I just recently finished a fresh batch of Changa, and had my mind set on this October full moon for a ceremony. This time I would do it right.
I fasted all day (minus a few grapes), mentally prepared myself and once I got home from work I made the necessary preparations. It was about 9 PM.
I sometimes have my girlfriend sit in the room and hold the space for me while I journey, so we both meditated in the dark. I then loaded up an unknown amount of changa in the bong and took a few deep breaths, asking my guides to be with me and help protect me. I remind myself that no matter what happens, I am in control of my space and that if I come across anything negative than I would confront it with love.
My heart is pounding, and I begin. I burn the bowl slow and concentrated. I feel the channel changing, and I decide to rip the rest of it. I take an overly HOT lung-full of smoke and choke hard. I cough for a couple minutes and once I am able to relax my lungs I notice the tryptamine walls and palace, dimly peaking through the darkness behind my closed eyes. Once again I am sadly wafting through the outskirts of hyperspace bliss, weaving my way through hypnogogic Egyptian style figures and all-seeing-eyes…

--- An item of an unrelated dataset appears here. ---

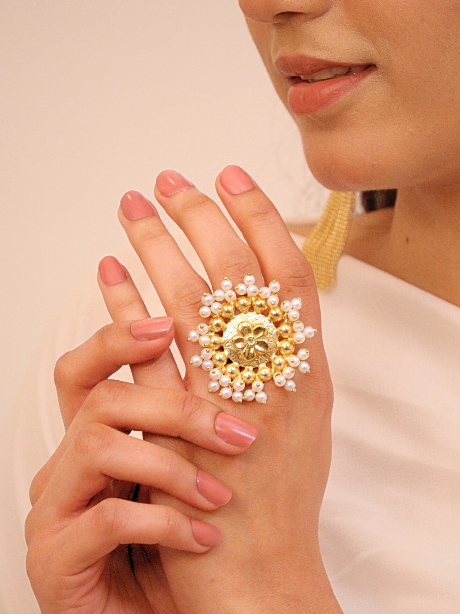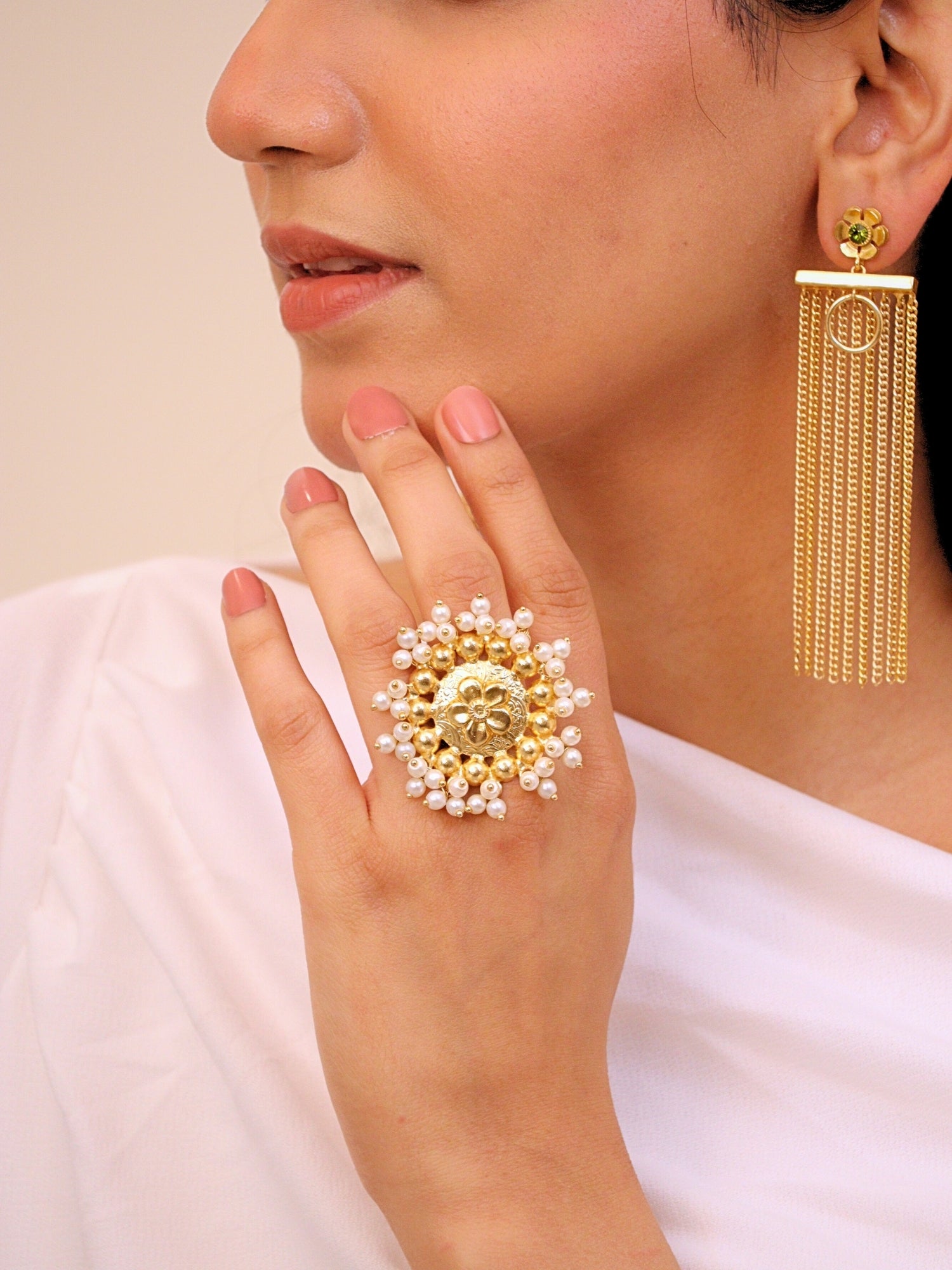 Viana Jewels Parinaaz Adjustable Brass Ring for Women 18K Gold Plated Handmade

I begin breathing slowly and calmly, focusing my attention on the present. I use this time to move energy from my body releasing felt blocks. My Kundalini is rushing to my forehead and through my hands, indicating that I am to use them. I am like a puppeteer, pulling strings, directing, regulating my body and spirit. I feel totally locked in - one with the inward and outward breath of the universe.
I am, however, unfulfilled and disappointed yet again.
Now that my heart has quit pounding and my lungs are calm and easy, I meditate, and load up another bowl of Changa.
This time I am much more tranquil. I slowly vaporize the sweet smelling medicine, allowing my perception to change ever so smoothly this time. I am in pitch dark and the embers look like dazzling flowers of fire, gently shining light on the moment. The jungle vision kicks in after the second rip, and the 3rd I’m surprised to see that my hands have become like that of a reptile – scaly, blue, and wet.
“Oh boy..”
I take one last glorious rip, the remainder of the bowl, and hold it in as long as I can. Upon exhalation, eyes wide open, everything around me becomes vibrant, and the walls of my room become ethereal, endless, the boarders of shadowed paintings in my room become impossibly colorful and held a depth that normal human eyes could never conceive.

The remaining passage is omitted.